## PROVIDED DATA
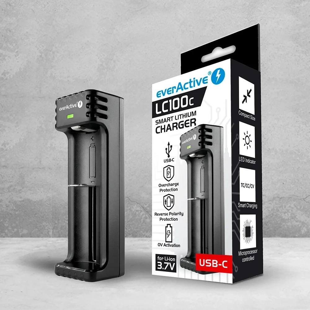 De EverActive LC100C lader is een betrouwbaar en eenvoudig apparaat voor het opladen van één accu. Hij is uitgerust met een microprocessor voor het aansturen van het oplaadproces en biedt een hoge laadstroom tot 1000 mA.
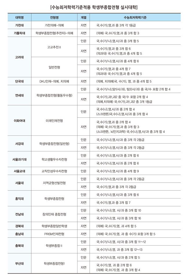 학생부종합전형 실시 대학 가운데 수능최저학력기준 적용 대학은 수도권에서 의예과를 제외하면 8개교, 지방 거점 국립대 5개교로 대부분 대학이 수능최저학력기준을 적용하고 있지 않습니다. 교과 성적이 우수하지만 비교과 활동이 다소 미흡하고, 수능 준비를 소홀히 하지 않는다면 내신 성적 범위를 고려해 수능최저학력기준 적용 대학에 지원하는 전략을 세워 준비하는 것도 도움이 될 수 있습니다.
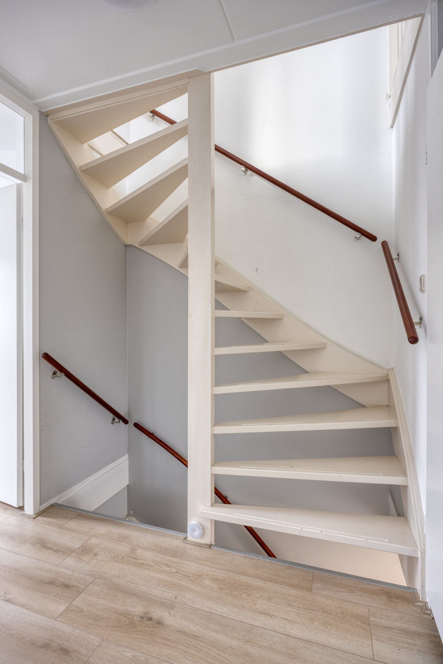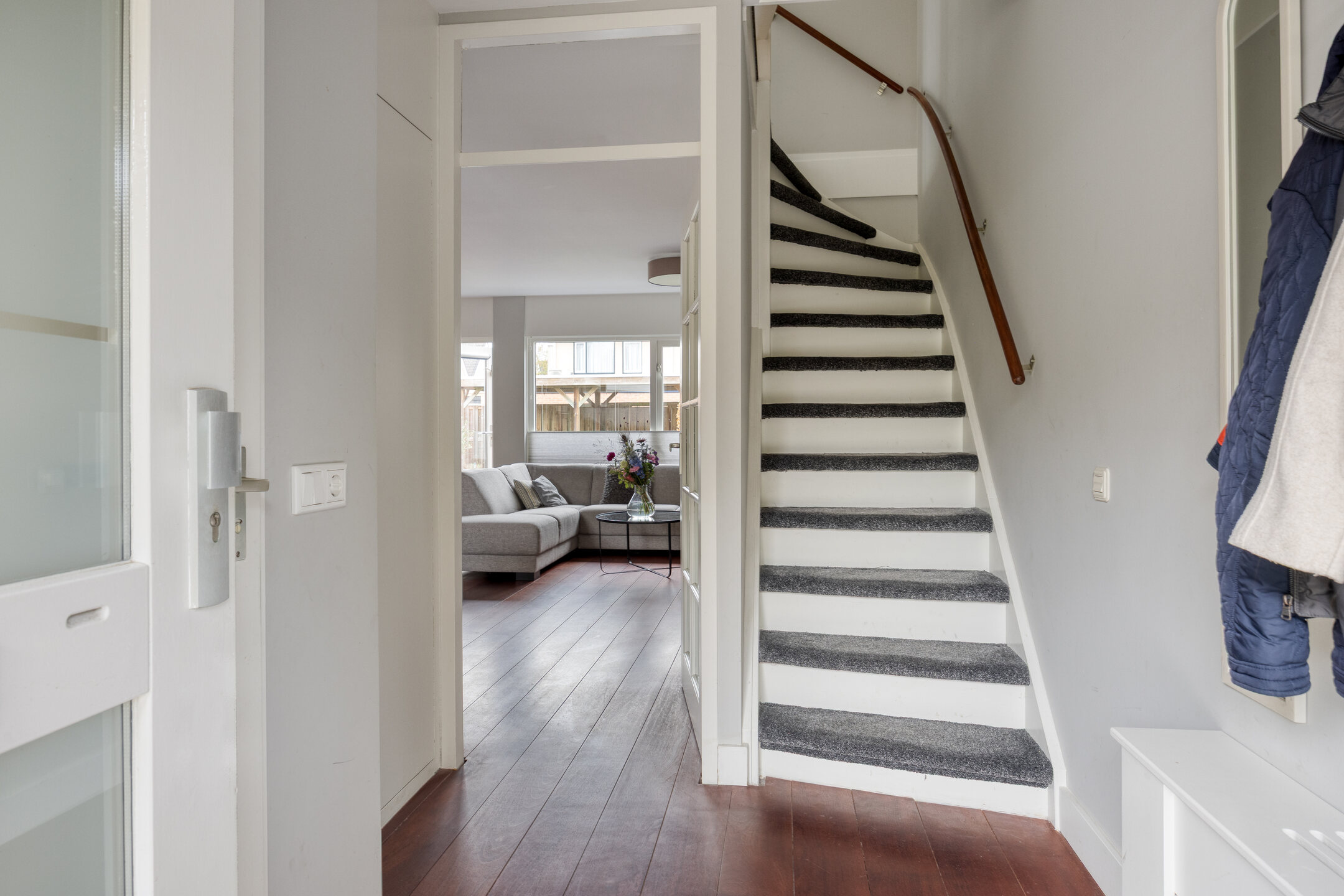 Via de entree kom je in de hal met de meterkast, het toilet, de trapopgang en de toegang tot de woonkamer.
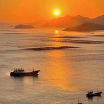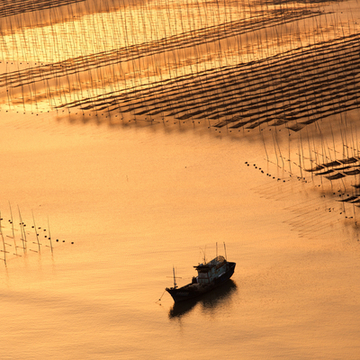 霞浦滩涂风光旖旎,成为22大摄影地之一,每年前来拍摄滩涂风光的国内外影友多达20多万人次。每当北岐紫菜生产的繁忙季节,滩涂上万根竹竿插成一块块方形的网框,由远及近,绵延数十里,蔚为大观。清晨六点左右,一轮火球从海面上喷薄而出,瞬间,大海像镀上了一层金色霞衣,上百米的山道上,摄影师们屏住了呼吸,“咔嚓、咔嚓”声响成一片,紫菜在丝网上挂着一条条色带,红的,黑的,紫的,宛如一幅没有经过修饰的水墨画,被收入一个个镜头,被曝光在一张张彩色胶片上。

## TASK DETAILS
Write out again exactly the lines above from the one with "학생부종합전형 실시 대학" through the one with "Via de entree", adding no other lines and no pictures.

## SOLUTION FOR THIS TASK
 학생부종합전형 실시 대학 가운데 수능최저학력기준 적용 대학은 수도권에서 의예과를 제외하면 8개교, 지방 거점 국립대 5개교로 대부분 대학이 수능최저학력기준을 적용하고 있지 않습니다. 교과 성적이 우수하지만 비교과 활동이 다소 미흡하고, 수능 준비를 소홀히 하지 않는다면 내신 성적 범위를 고려해 수능최저학력기준 적용 대학에 지원하는 전략을 세워 준비하는 것도 도움이 될 수 있습니다.
 Via de entree kom je in de hal met de meterkast, het toilet, de trapopgang en de toegang tot de woonkamer.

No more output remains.